Penance. This word, too often, makes us shudder. If we find it normal to hear it at the time of Lent, it generally disturbs us the rest of the year. However penance opens the way to our salvation. No one reaches Heaven without having atoned for their sins. If we are reluctant to do penance, it is probably because we think that it is addressed to elite souls who, enjoying exceptional graces, have endured many sacrifices and torments.

However, penance is within the reach of everyone without exception. Depriving ourselves of the excess of food in a meal, mortifying our curiosity, our senses, especially the tongue, do not kill the body but discipline it. We can also give up some superficial items or objects that, in the end, clutter us up and that would be much more useful to others who cannot acquire them. These small practices repeated regularly, when they are carried out in a true spirit of penance, bear many fruits.

If we get into the habit, when the cross comes into our life (whether we want it or not, it always happens) we will be able to bear it in a Christian way.
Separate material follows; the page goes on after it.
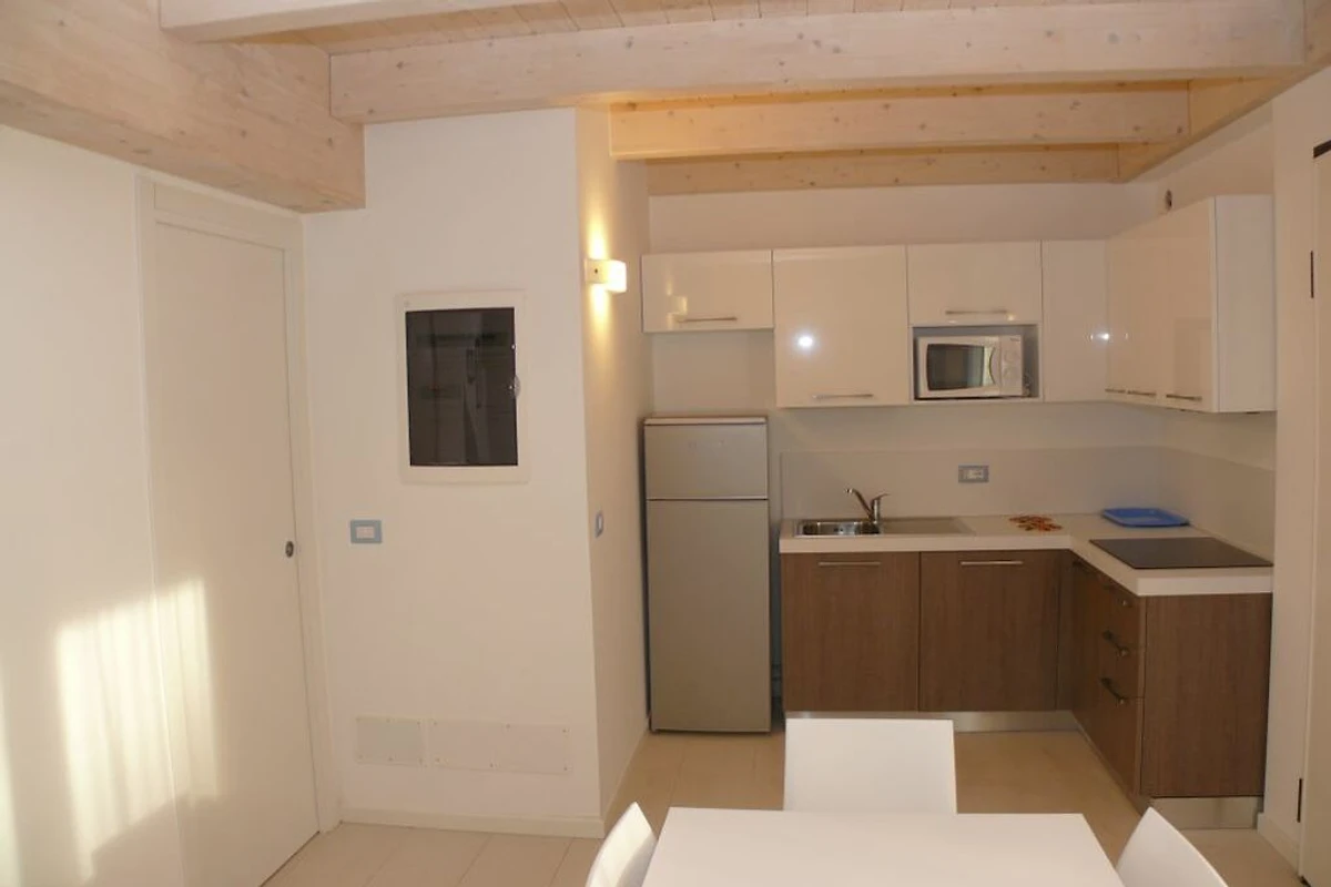 Die gut eingerichtete Küche verfügt über Herd, Geschirr, Besteck, Töpfe, Mikrowelle, Geschirrspülmaschine, Kaffeemaschine und Kühlschrank mit Eisfach. Wer nicht selbst kochen möchte, kann eines der vielen Restaurants in Fussnähe besuchen und sich von der guten italienischen Küche verwöhnen lassen.

Without this, we will not be able to do it and we will rebel against it. But the cross can either save us or lose us. Like the thieves surrounding Jesus on Calvary, one is saved by accepting his torture, the other is lost by rejecting it.

Doing penance is justice because we are all sinners, all guilty of iniquities before God. It is therefore normal to offer some sacrifices for our salvation. “Let he who is without sin cast the first stone at this woman,” our Lord once said. Conversely, could we not say: “Let he who is without sin dispense with doing penance?” This is well worth our reflection and examination of conscience!

(Extracts from the advice of Sr. Marie du Sacré Cœur Bernaud in the book “Month of the Sacred Heart of 1891” published by the Visitation of Bourg en Bresse.)